SLOA313 May 2021 AFE7070 , AFE7071
As previously shown, the modulator correction performance depends on LO frequency. It is possible to use the internal NCO to provide some relief to the frequency tuning requirements. The integrated baseband filters facilitate driving the signal up to ±10 MHz around an LO set-point. In practice, the entire range cannot be used without incurring some amplitude roll off at the edges due to the filters. Generally speaking, the device achieves a flat response up to 80% of the bandwidth. This technique keeps the LO frequency fixed and varies the NCO to move the signal within a 16-MHz window. With three calibrated LO points you can cover almost 50 MHz of tunable bandwidth.
Figure 2-13 and Figure 2-14 compare the corrected CF and SBS performance when shifting the LO versus shifting the NCO. Performance with the NCO shift stays more consistent. In other words, the variation of the baseband signal and a fixed LO is more consistent than the other way around with the baseband fixed and the LO varied.

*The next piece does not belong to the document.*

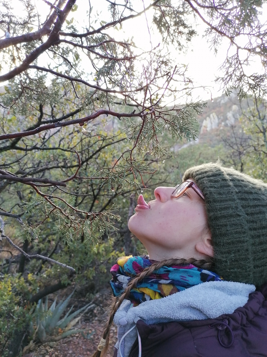 Nach dem Mittag machten wir uns auf den Weg ohne richtiges Ziel. Es war so gegen 13 Uhr. Wir wussten nur, dass wir gegen 16 Uhr wieder zurück sein mussten um noch genug Zeit zu haben, das Feuer für den Abend anzubekommen. Schließlich war das ganze rumliegende Holz nicht wirklich trocken. Also gingen wir erstmal los und wussten, dass wir zur Not nach 1,5h einfach wieder rumdrehen müssen. Es war warm, entspannend und lief nicht ganz ohne Hindernisse ab. Die Wege waren nicht gut zu erkennen und die Wegweiser nicht einfach zu entdecken. Wir folgten dem auffälligsten der Wege und waren gespannt, wo er uns hinführt. Eine Zeit lang begleiteten uns Fußspuren von einem (bzw. 2) hundeähnlichen Tier(-en) – Coyoten? Und kleine Naturschönheiten waren auch zu entdecken. Nach der Halbzeit kamen wir an einem einsam stehenden Haus an. Da wir nicht genau wussten, wo wir waren und uns nicht entscheiden konnten, welche Richtung der Straße wir gehen müssten, sind wir wieder umgedreht. Das letzte Stück haben wir dann etwas abgekürzt, weil wir einen Wegweiser entdeckt hatten, an den wir uns noch erinnern konnten. Es war nicht der einfachste Weg mit all den Stachelsträuchern, umgefallenen Bäumen und rutschigen Steinen entlang einem ausgetrockneten Bergbach. Aber es war der Interessantere. Pünktlich kurz vor 4 waren wir nach 9 km wieder im Camp angekommen. Da wir nur noch 1h Zeit hatten, bevor es dunkel wurde, kümmerten wir uns sofort ums Feuer. Mit der Hilfe von jeder Menge zur Verfügung stehendem Klopapier und einigem trockenen, gekauften Holz haben wir es mit viel Pusten hinbekommen. Das Licht für den Abend war somit auch gesichert.

Using the NCO to shift over frequency offers a unique advantage in that QMC frequency correction is likely not needed. The fixed LO frequencies are calibrated out for best performance. Further, the temperature slope adjustment with respect to frequency is also not needed. This provides an easier, more consistent response without incurring the tolerance error of the frequency control algorithm.